A common virus, nearly ubiquitous in the human population, is now being strongly linked to the growth of systemic lupus erythematosus, a potentially life-threatening autoimmune disease. New research published in *Science Translational Medicine* details how the Epstein-Barr virus (EBV) can manipulate immune cells, potentially triggering the body to attack itS own tissues [[1]], [[2]]. This revelation may also offer new insight into why some patients respond positively to emerging CAR-T cell therapies [[3]].
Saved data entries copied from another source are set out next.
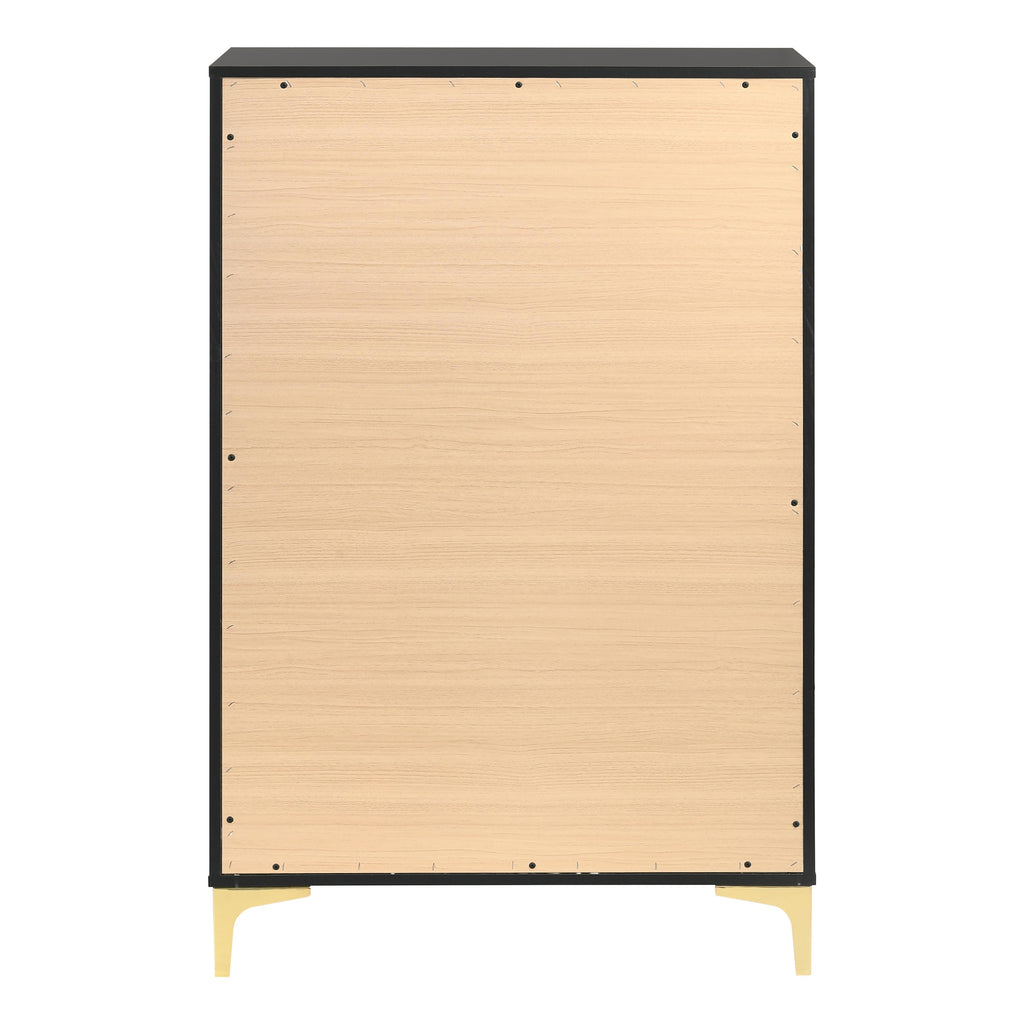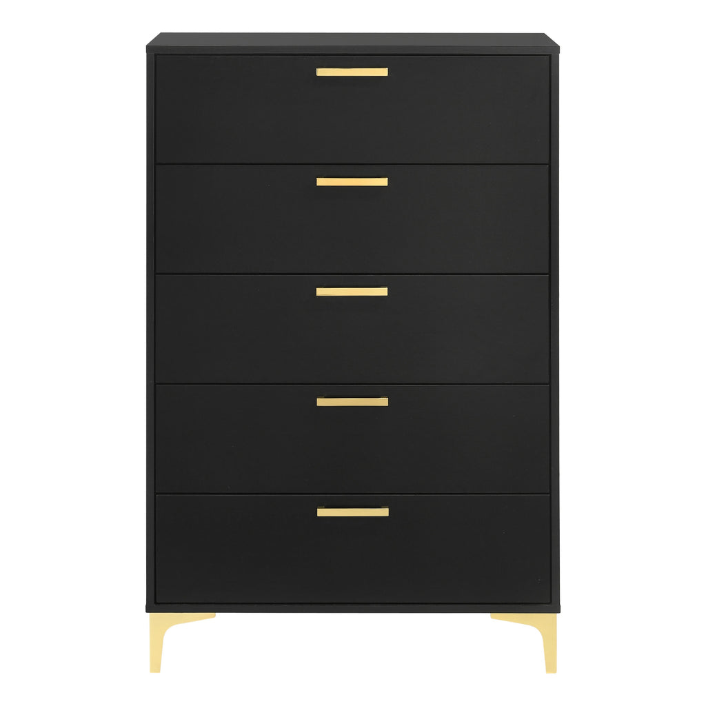 Organize garments, bed linens, and much more in this modern glam chest. Space-saving and tall with a simple, boxy frame, this five-drawer chest keeps your bedroom floor space open and free. A smooth, black finish presents a bold contrast and dramatic flair to focal walls and spaces. Each of the five spacious drawers is fastened with a chic, gold finished pull handle that lends a warm metallic accent. Bracket style legs mirror the golden metallic hues, offering a slight elevation and extra support to this stunning modern five-drawer chest.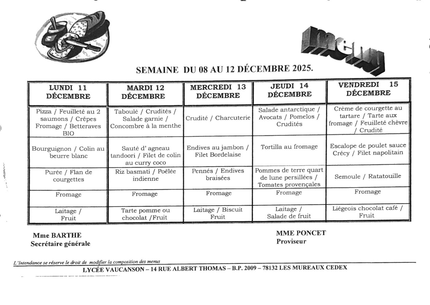 Menus de la Restauration Scolaire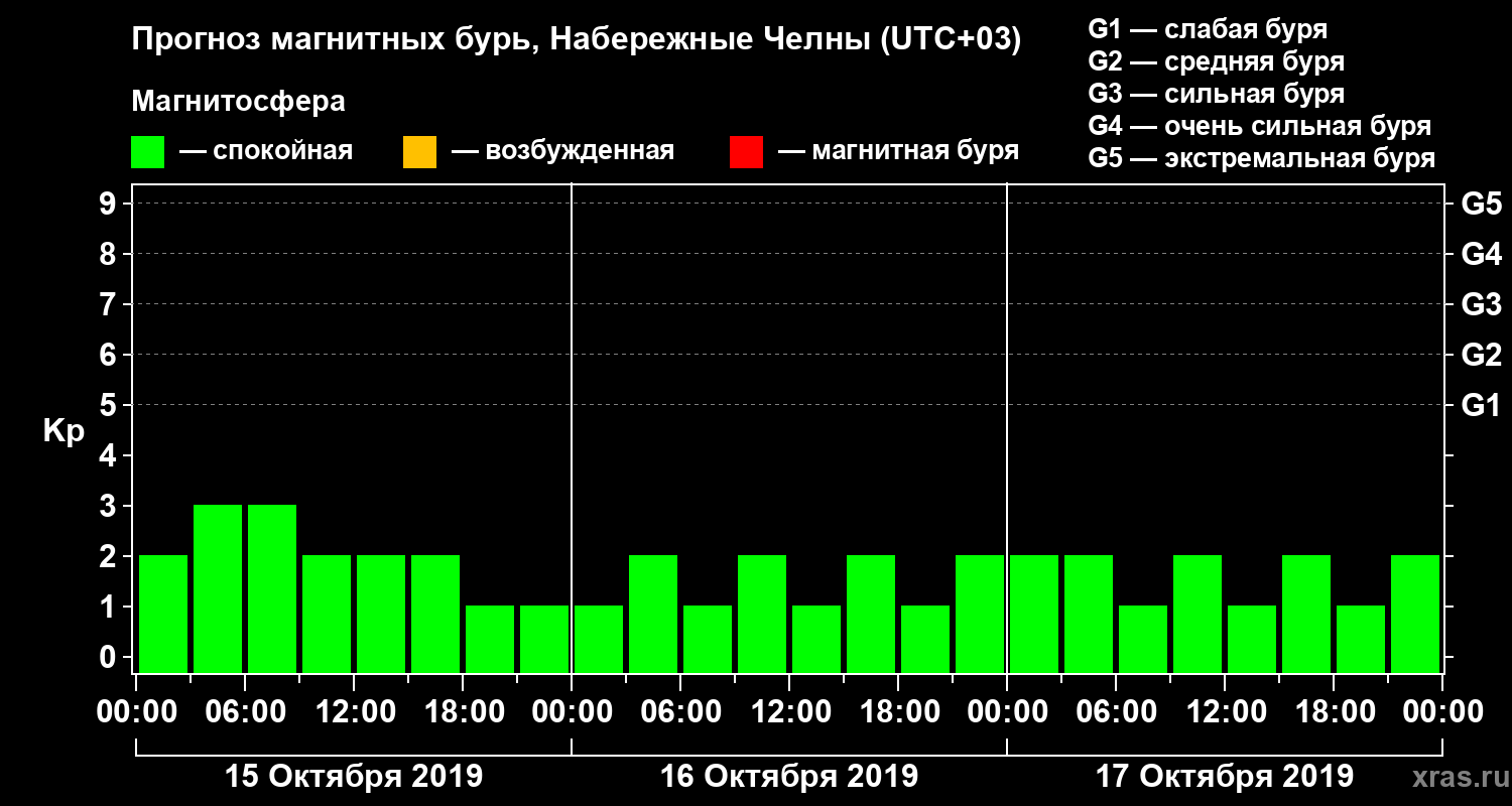 Прогноз магнитных бурь Набережных Челнах на 15 октября 2019 года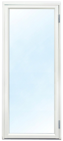 Fuldglaseret aluminiumsbeklædt vinduesdør i 3-rude med særdeles gode isoleringsegenskaber (2 styk lavemissionsglas (LE)). Sikkerhedsglas både ude og inde.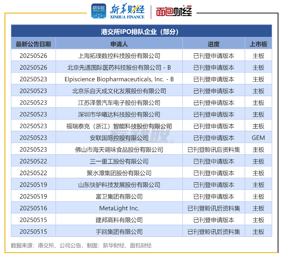 新华财经和面包财经研究员根据香港交易所披露信息,对港股IPO排队及新上市企业进行了梳理统计。其中,IPO排队企业选取依据为审核状态为已刊登申请版本、已刊登聆讯后资料集。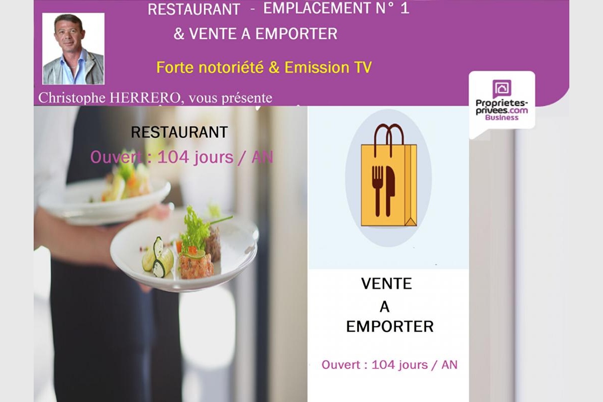 Christophe HERRERO à le plaisir de vous présenter à Palavas Les Flots 34250, station balnéaire proche de Montpellier un restaurant situé “Rive Gauche” dans une rue commerçante, bouillonnante d’activité et à forte fréquentation.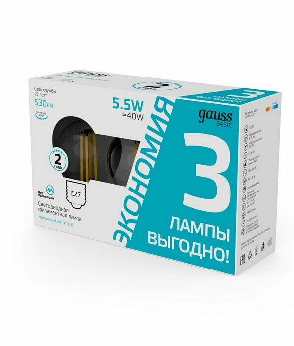 Лампочка светодиодная Е27 Шар 5,5W нейтр-белый свет 4100К 530лм (3 лампы в коплекте) Gauss Basic Filament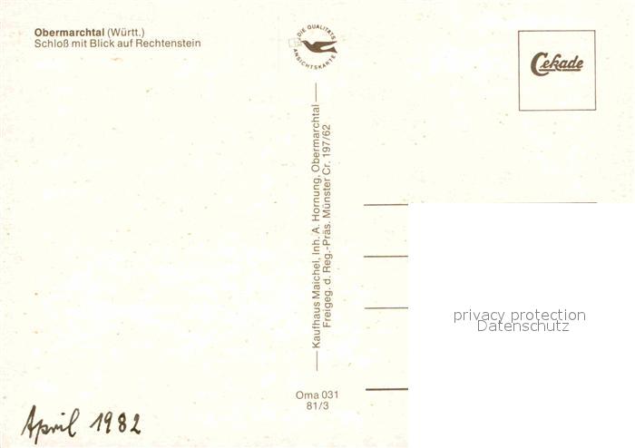 72798800 Obermarchtal Schloss mit Blick auf Rechtenstein Fliegeraufnahme postalisch nicht gelaufen Erhaltung siehe scans [FriedD77] KatCode: 11110008425090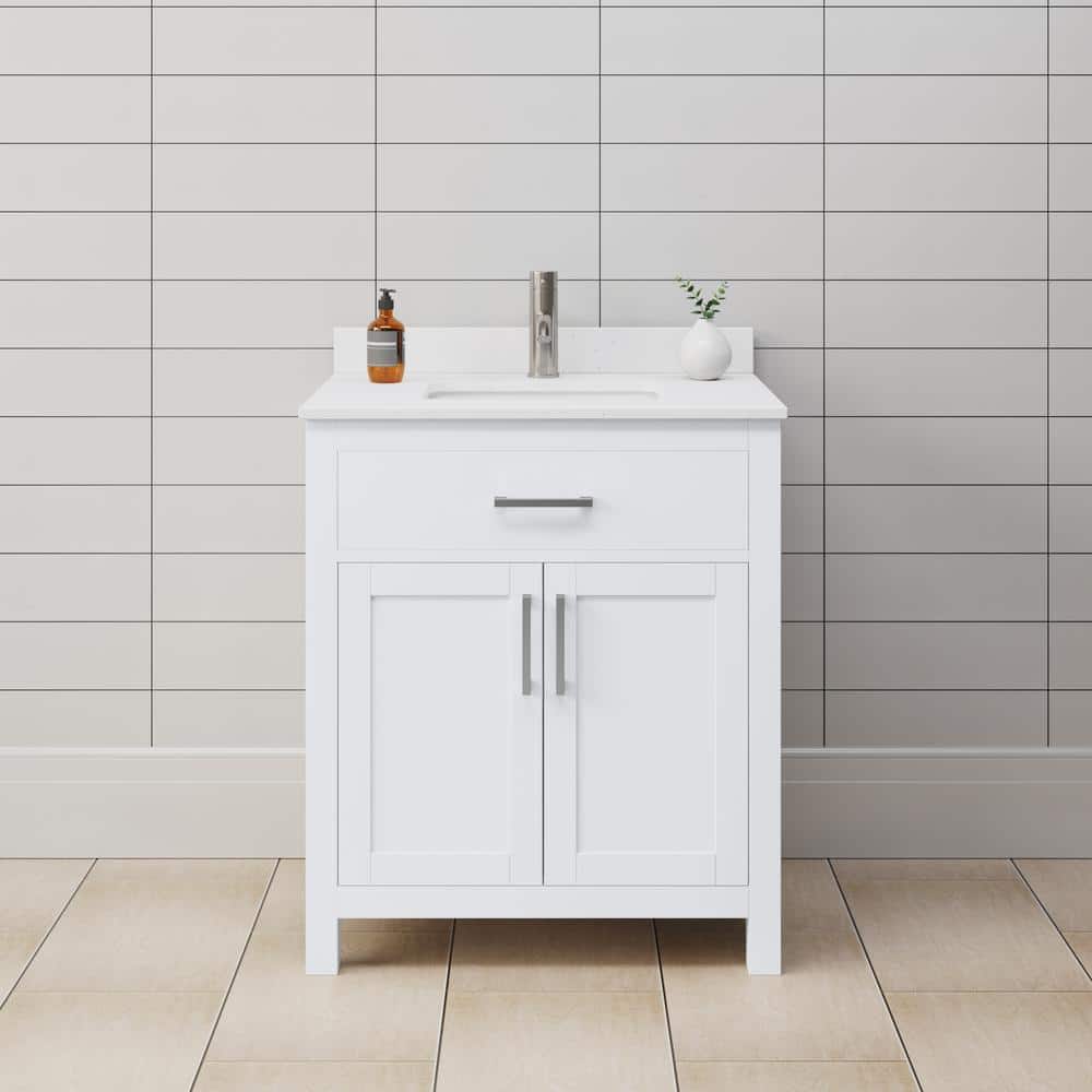 Wyndham Collection Beckett 30" Bathroom Vanity with White Cultured Marble Top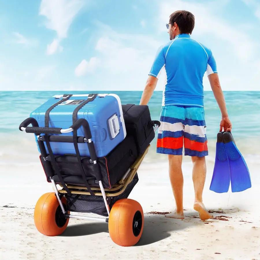 5. VEVOR Beach Dolly with Big Wheels for Sand, 20.1x 14.6 Cargo Deck, w/ 9 Balloon Wheels, 165LBS Loading Capacity Folding Sand Cart 27.2 to 44.9 Adjustable Height, Heavy Duty Cart for Beach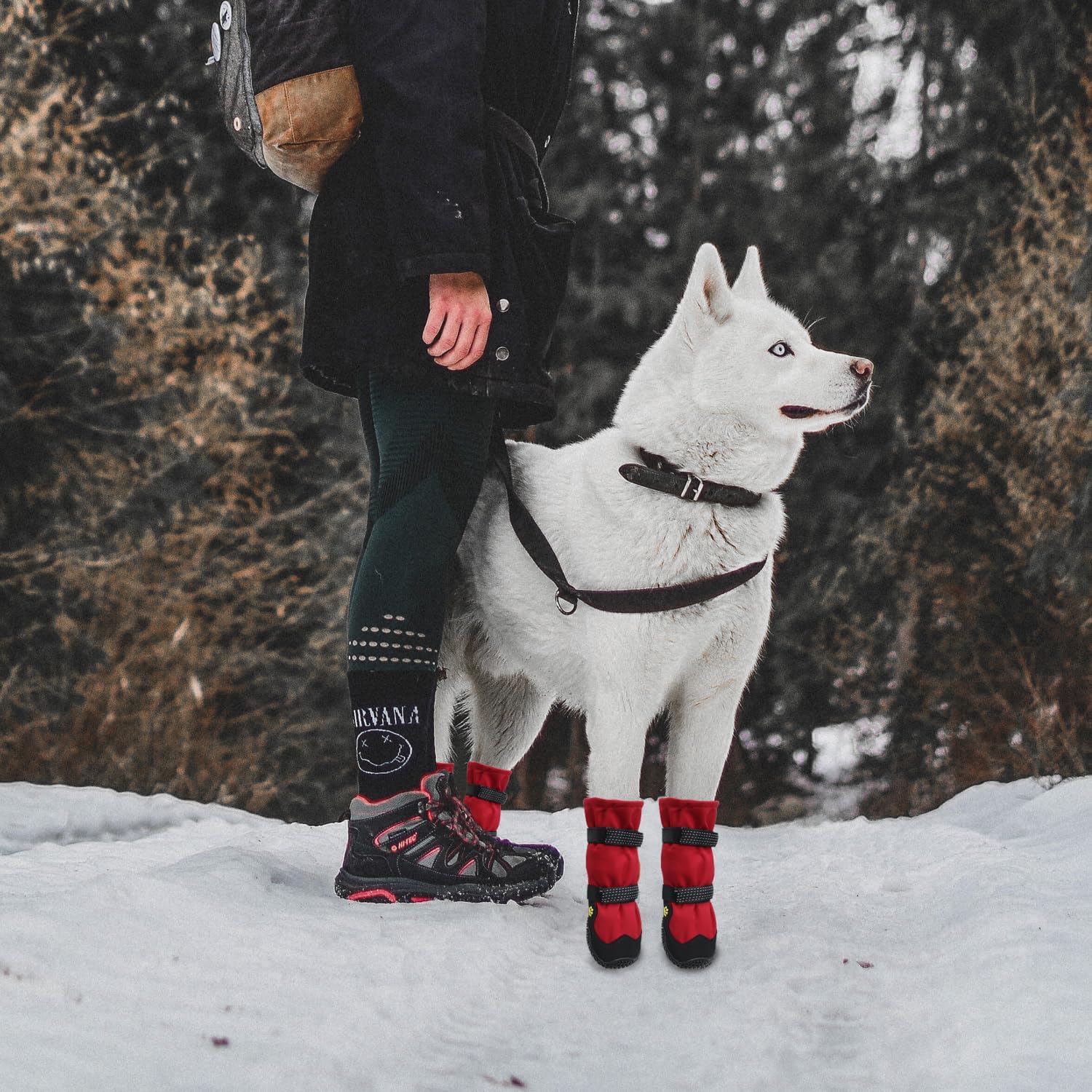 چکمه سگ GLE، کفش سگ ضد آب با بند بازتابنده، آستر گرم و زیره ضد لغزش، چکمه سگ مناسب برای برف و باران سایز بزرگ - قرمز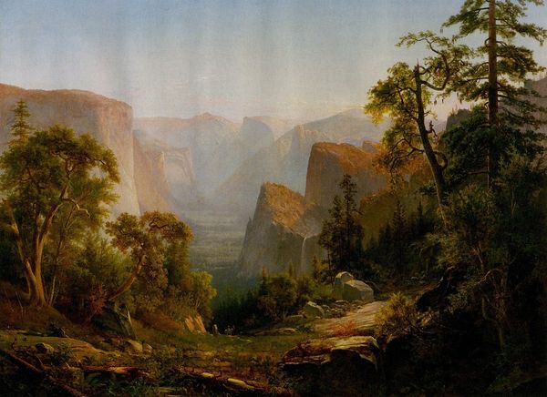 Thomas Moran made this watercolor on paper to depict the Valley of Babbling Waters in Southern Utah. With thin washes, he builds up the color to create a sense of depth and light, typical for landscapes from this period. Moran's application of watercolor demonstrates control over the materials and is remarkable for its time. Look closely, and you’ll see how the white of the paper shines through, especially in the peaks of the distant mountains. This shows how he carefully built up the painting layer by layer. He also allowed the fluidity of the paint to dictate the forms that emerge. The soft edges and blending of colors create an ethereal quality, emphasizing the sublime beauty of the natural landscape. The social context of this painting is tied to the expansion of the American West and the growing interest in its unique landscapes. The use of watercolor allowed for easy transportation of materials and quick execution of sketches, making it ideal for artists documenting these remote regions. In the end, Moran's work speaks to the cultural fascination with nature, and the artistic exploration of new territories during a time of industrial and social change.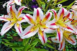 Восточные гибриды. Лилии поразительной красоты, их называют аристократами в мире лилий за экзотическую красоту необычайно привлекательных ароматных цветков. Цветки очень крупные, просто огромные, экзотических окрасок: бело-розовые, белые, малиновые, розовые с крапинками и полосками по центру волнистых лепестков или без них. Цветут в июле-сентябре. Необходимо солнечное место, хорошо защищенное от ветра, поскольку растения высокорослые с очень крупными цветками. Могут также расти в лёгкой тени деревьев. Главное правило — глубокая посадка, не менее 15 см, для защиты луковиц зимой.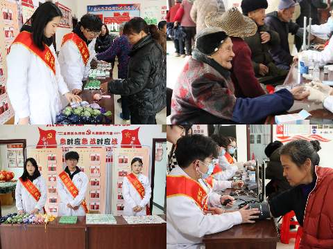 义诊分队的队员在村部,为村民免费测量血糖、血压,耐心地为村民解答健康问题,向村民普及常见疾病的预防和日常保健知识。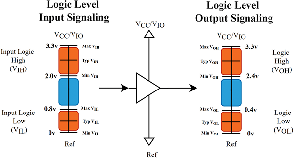 Figure 2 illustrates typical 3.3v CMOS TTL gate-level input and output signaling.

Nearly everyone contracts the Epstein-Barr virus (EBV) during childhood or adolescence, but new research suggests the common virus may play a key role in triggering autoimmune diseases like systemic lupus erythematosus. A study published in Science Translational Medicine (DOI: 10.1126/scitranslmed.ady0210) reveals that EBV can reprogram B cells – a type of immune cell – turning them into antigen-presenting cells and potentially initiating an autoimmune response. Understanding the root causes of autoimmune diseases is a critical step toward developing more effective treatments.
Systemic lupus erythematosus is a particularly severe autoimmune condition where the immune system mistakenly attacks healthy tissues throughout the body, targeting cells with a nucleus. While cutaneous lupus is limited to the skin, the systemic form can affect vital organs including the kidneys, joints, and heart, posing a threat to nearly any part of the body.
Researchers found that the virus’s impact on B cells may also explain the surprising success seen with CAR-T cell therapy in some lupus patients. This innovative treatment, which involves modifying a patient’s own immune cells to fight disease, has shown promise in cases where conventional therapies have failed. The central role of B cells identified in the study provides a potential mechanism for why CAR-T cell therapy is effective in treating lupus.